交流戦   楽天5―2中日 ( 2021年6月8日    楽天生命 )

<楽・中>中日に勝利し笑顔でガッツポーズする岸(左)と鈴木大(撮影・白鳥 佳樹)
Photo By スポニチ

 首位を走る楽天は8日、中日戦に勝利して17年以来4年ぶりの6連勝を決め、19年以来2年ぶりの貯金10に到達。2位のソフトバンクとの差を2・5ゲームに広げ、交流戦も単独首位に浮上した。2軍再調整から復帰した先発の岸孝之投手(36)が6回2失点で4月6日の西武戦以来の3勝目。この日はパ・リーグが3勝1敗2分けで通算33勝とし、序盤からリードを許していたセ・リーグに並んだ(9分け)。

 うれしかった。普段はクールな岸がヒーローインタビューで地元・仙台のファンに素直な胸の内を明かした。「しんどかった。ずっと勝てず、貢献できていなかった。良いチームの流れを切らないように、自分を信じて投げた」。2カ月ぶりとなる3勝目は今季の本拠地初勝利となった。

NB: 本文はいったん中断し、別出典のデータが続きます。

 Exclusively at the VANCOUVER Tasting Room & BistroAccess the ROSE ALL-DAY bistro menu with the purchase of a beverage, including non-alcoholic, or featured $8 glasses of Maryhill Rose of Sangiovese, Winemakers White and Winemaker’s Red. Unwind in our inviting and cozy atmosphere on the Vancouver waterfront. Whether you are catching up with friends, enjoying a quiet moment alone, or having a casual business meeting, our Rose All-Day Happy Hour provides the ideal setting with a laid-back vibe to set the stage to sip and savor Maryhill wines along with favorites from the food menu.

 序盤から走者を背負う苦しい投球だったが、3回まで無失点。4回に福田に先制ソロを浴びても「ホームラン1本で落ち込んでいる場合じゃない」と自らを奮い立たせた。6回で7安打を浴びたが2失点と試合をつくり先発の役割を全うした。

 百戦錬磨のベテランが自信を失っていた。今季初登板だった3月30日のロッテ戦で完封勝利を飾るなど2連勝。だが4月13日のロッテ戦から5月25日の巨人戦まで7試合で4連敗を喫した。過去の投球映像を見直し、スコアラーやトレーナーにも相談したが原因が分からず、ローテーションを外れることが決まった。

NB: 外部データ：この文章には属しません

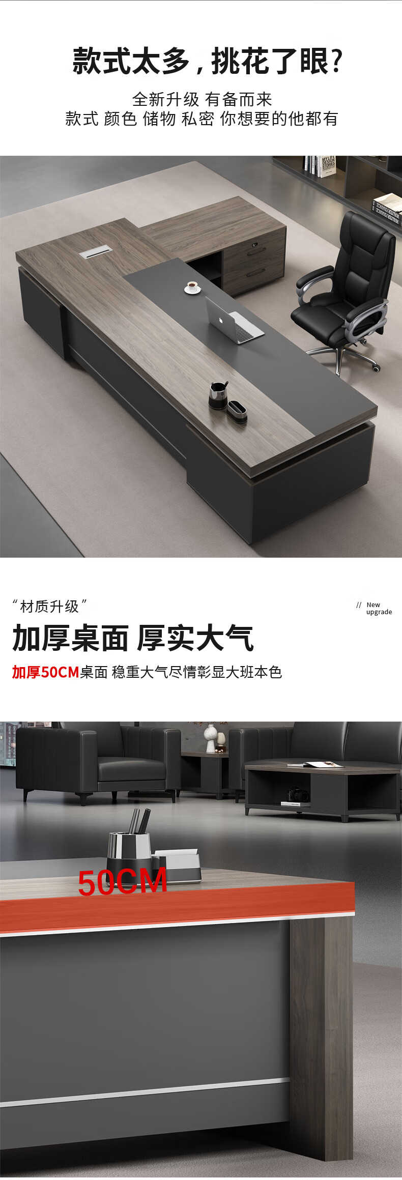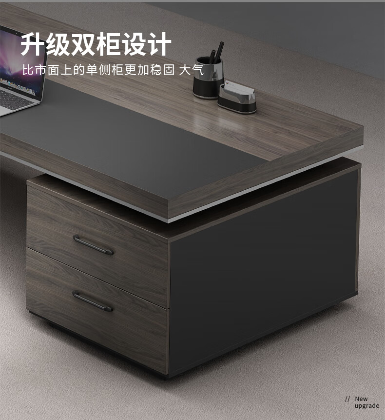 Nuoxiong boss desk office simple modern grand office desk fashion light luxury president desk manager desk supervisor desk black relief + iron gray 1.8 meters boss table including side cabinets

 「石井監督が(不調でも)外さずに使ってくれた」と感謝の思いが強い右腕が2軍でテーマとしたのは得意球であるチェンジアップの復活。1日のイースタン・リーグのヤクルト戦は5回2/3を11安打7失点と打ち込まれたが、この登板で手応えが残る。2軍戦だからこそ、勝敗にとらわれることなくフォームの修正に専念。「勝ちたいという気持ちで力んでいた」というフォームから力みが消えると、チェンジアップの精度もよみがえった。

 4回に先制ソロを浴びた後は3者連続で空振り三振。井領、溝脇は右腕特有のブレーキの利いたチェンジアップだった。試合前時点で同球種の被打率は・364だったが、この日は8三振中、4三振を奪った。「フォームのバランスが良くなったから球も良くなった。ずっとチェンジアップが良くなくて、何とかしたいと思っていた」と手応えを語る。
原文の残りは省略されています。